[R-sig-ME] Logistic regression with spatial autocorrelation structure
dale.w.steele at gmail.com
Mon Jan 31 18:45:20 CET 2011
Dear mixed-modeling experts,
I'm interested in modeling the probability of appendicitis in patients
with abdominal pain.
The R binary data file 'http://www.ped-em.org/appy.rda' contains
the following variables from a pilot study of 138 children with
'dx' eventual diagnosis: 0=no appendicitis, 1=appendicitis
'wbc' total white blood cell count
'priorprob' Clinical predicted probability of appendicitis
'doc' doctor who assigned 'priorprob'
After taking a history and performing a physical examination, the ER doctor
was asked to make a vertical mark on a 100 mm horizontal line to represent
her estimate of the (percent) probability that the patient had appendicitis.
My initial thought was to fit a multiple logistic regression model:
m1 <- glm(dx ~ gender + priorprob + wbc + doc, family=binomial, data=appy)
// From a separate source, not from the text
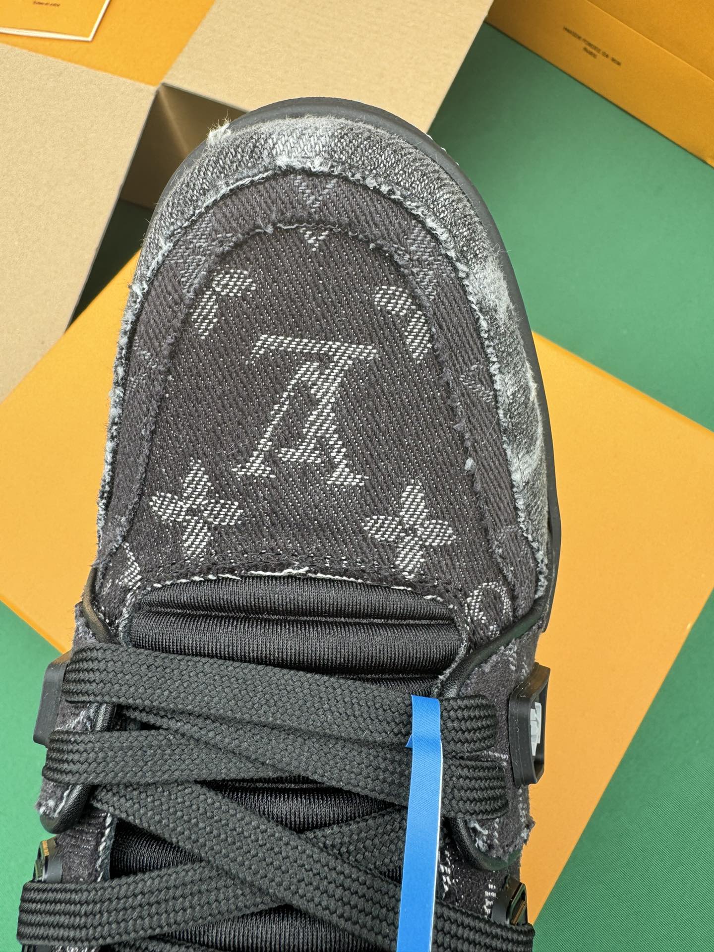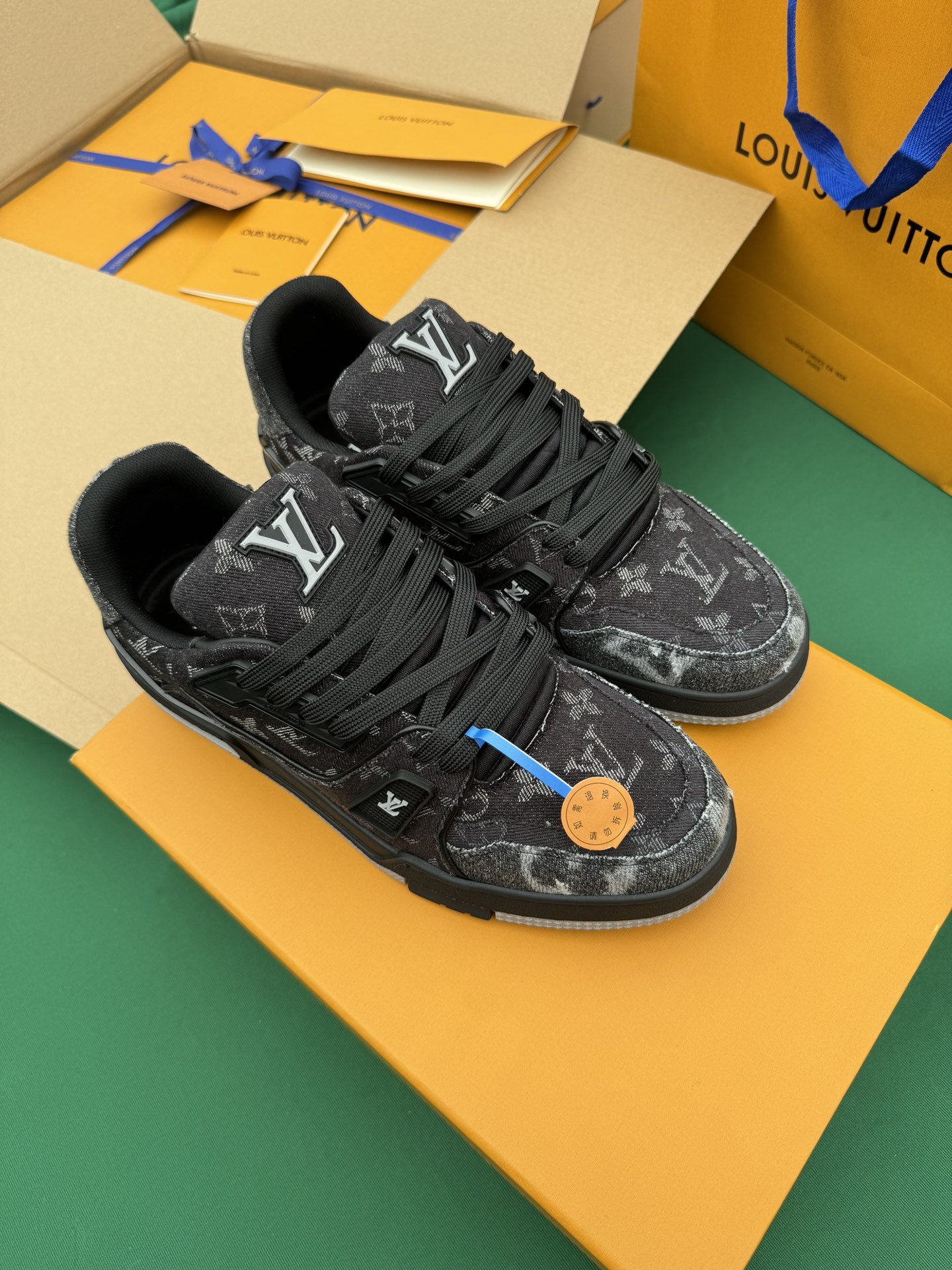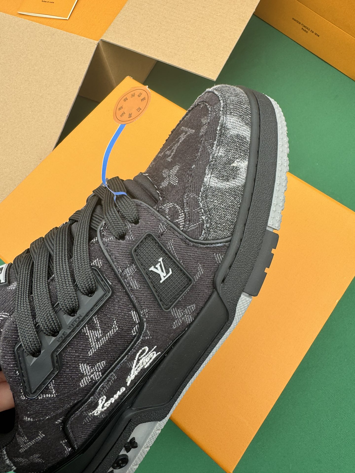 这款鞋子是AAAAA 1:1 质量 (非常棒). 使用了和原版一模一样的材料. 商标部分也保持了和路易威登/Louis Vuitton一样. 图片拍摄是实物鞋子拍摄, 您所收到的实物保证和我们图片一模一样.

However, it seems likely that each doctor interpreted the probability scale
differently. The 23 doctors evaluated from 1 to 17 patients each. I'm
not primarily interest in predictions by a specific clinician. Thus,
it seems to make sense to fit a generalized linear mixed model.
At this point I get muddled. Have I correctly specified a random
intercept model (m2) and a random intercept/random slope model (m3)?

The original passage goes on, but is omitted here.